De mens gelooft alleen wat hijzelf gezien heeft of meegemaakt.
Neen kinderen, geloof Mij, als u dit bloedige tafereel van Uwen Heer had aanschouwd, waaronder de geseling, zoudt gij uw ogen gesloten hebben, omdat ge er niet tegen kon. De vele martelingen, de opengereten delen van Zijn Heilig Lichaam, Zijn bloedige, opgezwollen Ogen, als u dit alles aanschouwde, zoudt gij uw ogen gesloten hebben, omdat u er niet tegen kon. Gij zoudt vluchten en uw oren sluiten om het gejoel en gekrijs van de beulen niet hoeven op te vangen.
Als deze Godmens niet geleden zou hebben, hoe had Hij dan deze klacht kunnen uiten : “Vader, indien het mogelijk is, laat deze kelk aan Mij voorbijgaan !”
Herinnert u Zijn bloedig Zweet, Zijn beste vrienden, de Apostelen, die Hem alleen lieten omdat de slaap hen overmande.
Hoe zou een mens kunnen rusten als zij hun Broeder zagen lijden of hun kind, dat in de allergrootste nood verkeerde ?
De gevangenneming en gesleept worden van de ene rechter naar de andere, van Pilatus naar Herodus. Hij wordt geboeid en een wrede geseling achtervolgt Hem, de kroon van doornen, Hij wordt veroordeeld.
Dit alles is u bekend, want het wordt u gezegd en het staat geschreven. Maar wie Hem liefheeft en met de ogen des geloofs dit alles aanschouwt, zal nadenken over dit nameloos wee, de allerbitterste verlatenheid, de onterende mishandeling, de naaktheid. Hij wordt met de balk beladen, Zijn Eigen Kruis, waaraan Hij sterven zal, het Kruis dat uw redding werd.
“Wij aanbidden U Christus en loven U, omdat Gij door Uw Kruis de wereld verlost hebt “. Hoevelen op deze wereld bidden dit vandaag? Tallozen uiten deze kreet, maar het wordt eerder gezegd dan begrepen. Het wordt een sleur, men denkt er niet eens bij na.
Deze woorden heeft men geleerd, het is een sleur geworden.
Aan Het Kruis heeft Jezus Zich verloofd met de Kerk en uit die Vereniging zijt gij geestelijkerwijze geboren.

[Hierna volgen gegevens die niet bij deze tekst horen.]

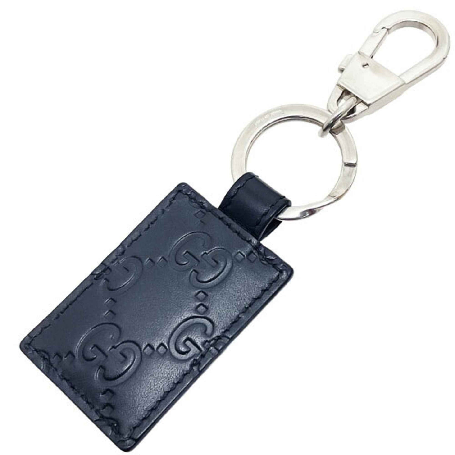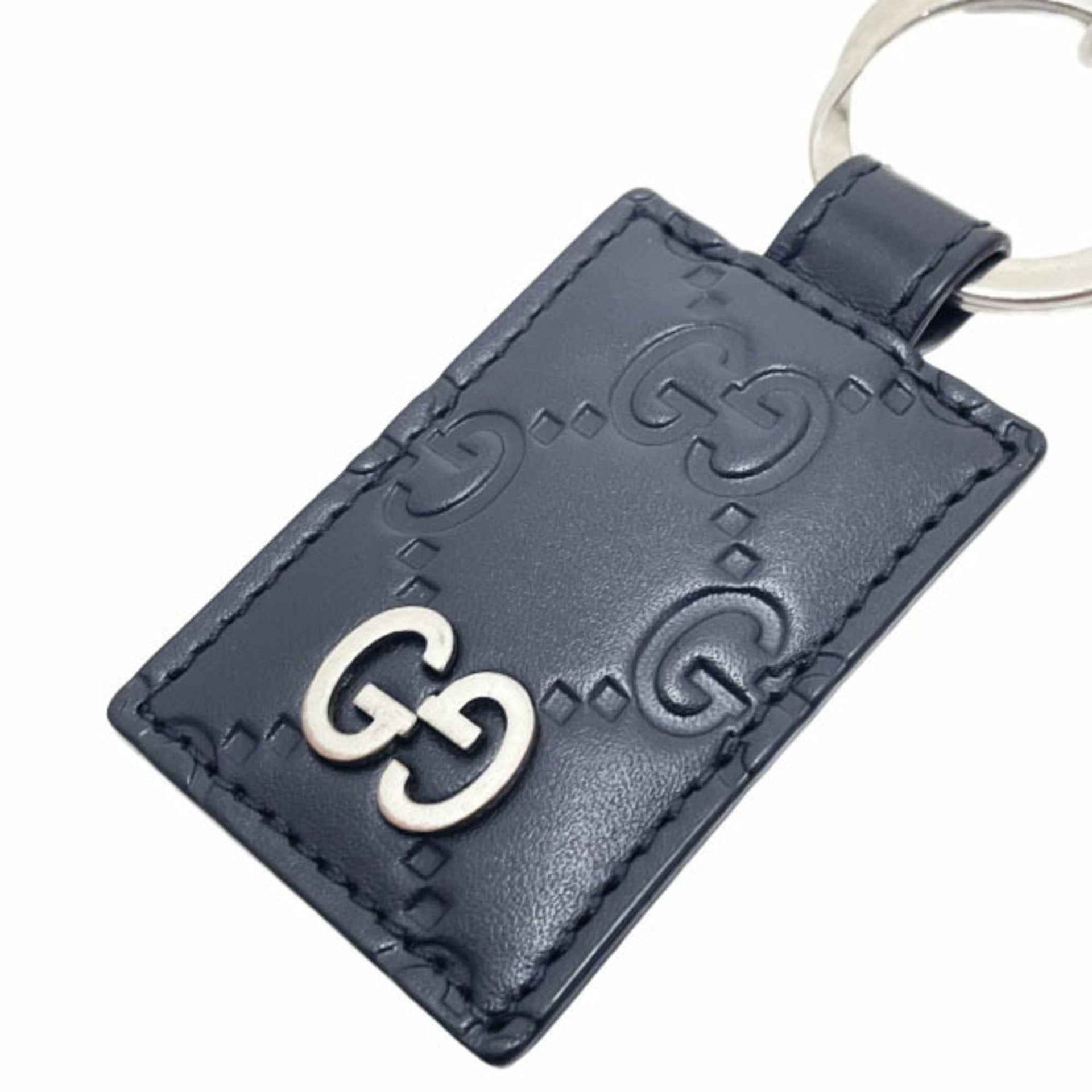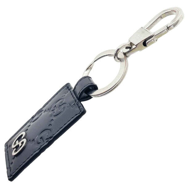 Gucci Signature Leather Key Ring in Black Calfskin (478136) with GG Shima Line Tag, Hook Charm, Bag Charm (TT-15765)
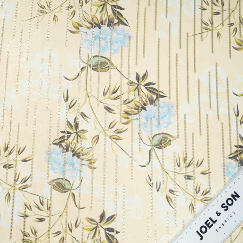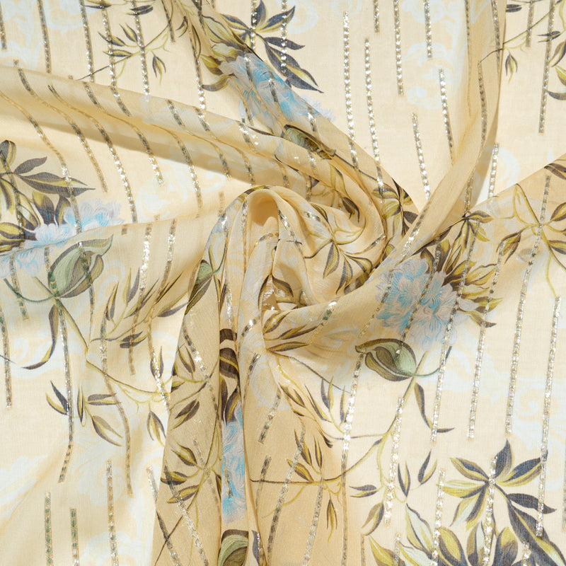 Blue Floral Printed Vanilla Yellow Silk Georgette
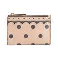 This mini Pink Spot card holder from Cath Kidston is made from pure cotton and features 4 card slots, a slip pocket and a main zipped compartment to store your loose change. Designed in our archival Pink Spot print and finely finished with gold hardware.
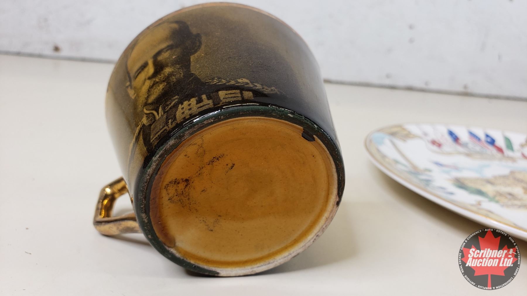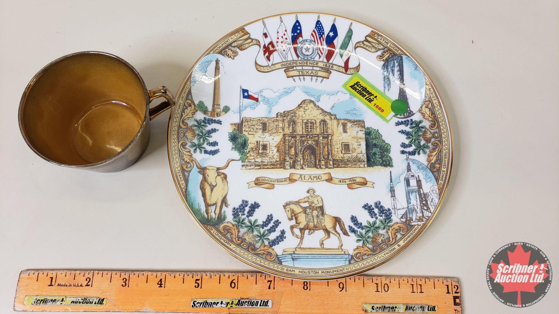 Combo: Antique Ridgeways Sepia Coffee Cup With Military Portraits & "The Texas Plate" (8-1/2"Dia) (SEE PICS!)

Bemin en aanbidt den Oorsprong van uw leven, den Bewerker uwer zaligheid. Jezus toont u Zijn Wonden, niet zozeer om medelijden bij u op te wekken, als wel en veel meer nog, opdat gij u zoudt verheugen het voorwerp van zulk een grote liefde te zijn.
Hij vraagt u om in Zijn Liefde te blijven, Hem naar Calvarie te vergezellen, uw kruis, het kruis van deze dag, zelfs van dit ogenblik, in vereniging met Zijn Kruis, waaraan Hij gestorven is en Zijn Hart liet doorboren, te dragen en het steeds met liefde te omhelzen, waar en op welke wijze het u wordt aangeboden.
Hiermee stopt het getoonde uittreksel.